La hiperprolactinemia es una alteración endocrina que se caracteriza por producir cambios en el estado de ánimo y el comportamiento, disfunción social y efectos metabólicos. Tiene una prevalencia variable que va en población general entre el 0.4 y el 10% (5% hombres infértiles, 9% mujeres con amenorrea y 10% hombres con disfunción eréctil) y en la población con enfermedad mental, específicamente esquizofrenia, se encuentra alrededor del 70% pero se cree que los datos están subestimados.
Fisiología
La prosa Tina es un polipéptido secretado por las células lactotropas localizadas en la hipófisis anterior. Es de liberación pulsátil que sigue un ciclo circadiano, tiene un pico de secreción nocturno durante la fase de sueño no REM, disminuye con el despertar y tiene su nivel más bajo en las horas de la tarde.

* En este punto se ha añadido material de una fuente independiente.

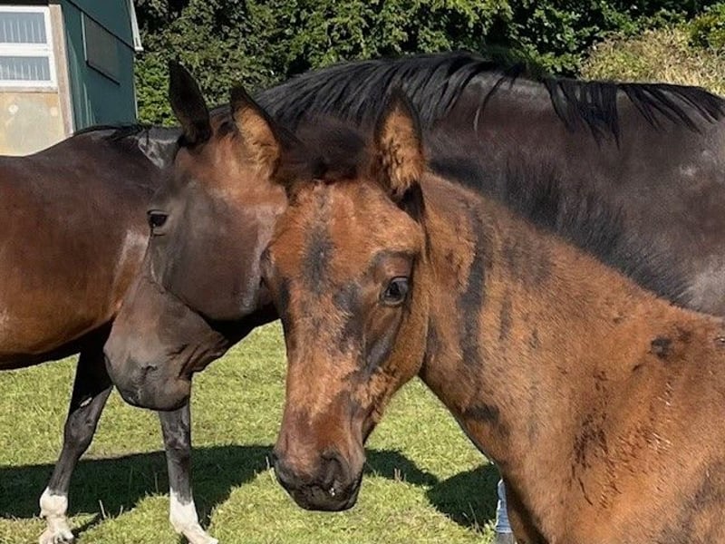 prämiertes Holsteiner Stutfohlen, Stamm 730 b mit besonderen Eltern: Mutter Championatsiegerin 5jährig, danach bis S** im Springen erfolgreich Vollgeschwister der Mutter bis S*** erfolgreich Vater Karlo ist ingezogen auf Atoucha van'T Roosaker. Seine Mutter hat aktuell im S*** gesiegt. Großliniges, bewegungsstarkes Fohlen mit tollem Charakter
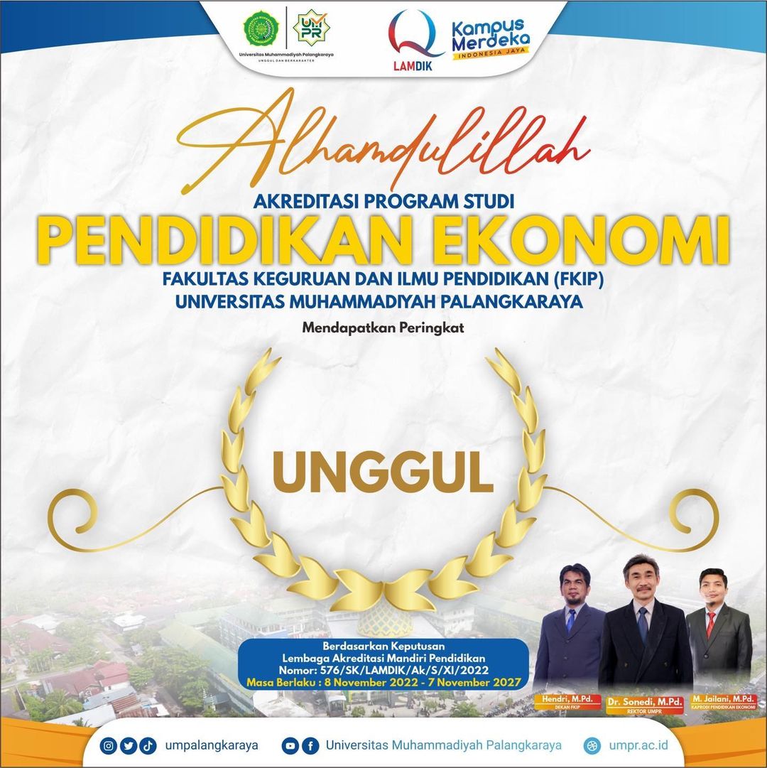 Palangka Raya (04/11): Setelah melalui proses visitasi asesmen lapangan secara daring melalui Lembaga Akreditasi Mandiri Kependidikan (LAM-DIK), Program studi Pendidikan Ekonomi Universitas Palangkaraya meraih status atau peringkat “UNGGUL” saat ini. Proses pencapaian hasil yang memuaskan ini sesuai dengan hasil kerja keras seluruh pihak yang terlibat, baik tim akreditasi maupun dukungan seluruh seluruh civitas akademika Universitas...Read More

La secreción de prolactina puede aumentarse con situaciones como la actividad sexual, el estrés, alta ingesta de carbohidratos, estimulación de los senos y consumo de marihuana.
Es regulada por el eje hipotálamo hipofisiario a través de dos neurotransmisores, la dopamina y la serotonina.
Dopamina: actúa en los receptores D2 (también en los D1) de la hipófisis anterior inhibiendo la liberación de prolactina.
Serotonina: actúa sobre los receptores serotoninérgicos del hipotálamo (5-Ht1a y 5-HT2 principalmente) lo que aumenta la liberación de la hormona liberadora de tirotropina, produciendo un aumento en la liberación de prolactina.
Causas de hiperprolactinemia
Acromegalia, enfermedad renal crónica (la prolactina se elimina por vía renal), convulsiones, adenoma hipofisiario, hipotiroidismo, ovario poliquístico, por fármacos como antipsicóticos, antidepresivos, opioides, alfa-metil dopa, verapamilo y por sustancias como cocaína y marihuana.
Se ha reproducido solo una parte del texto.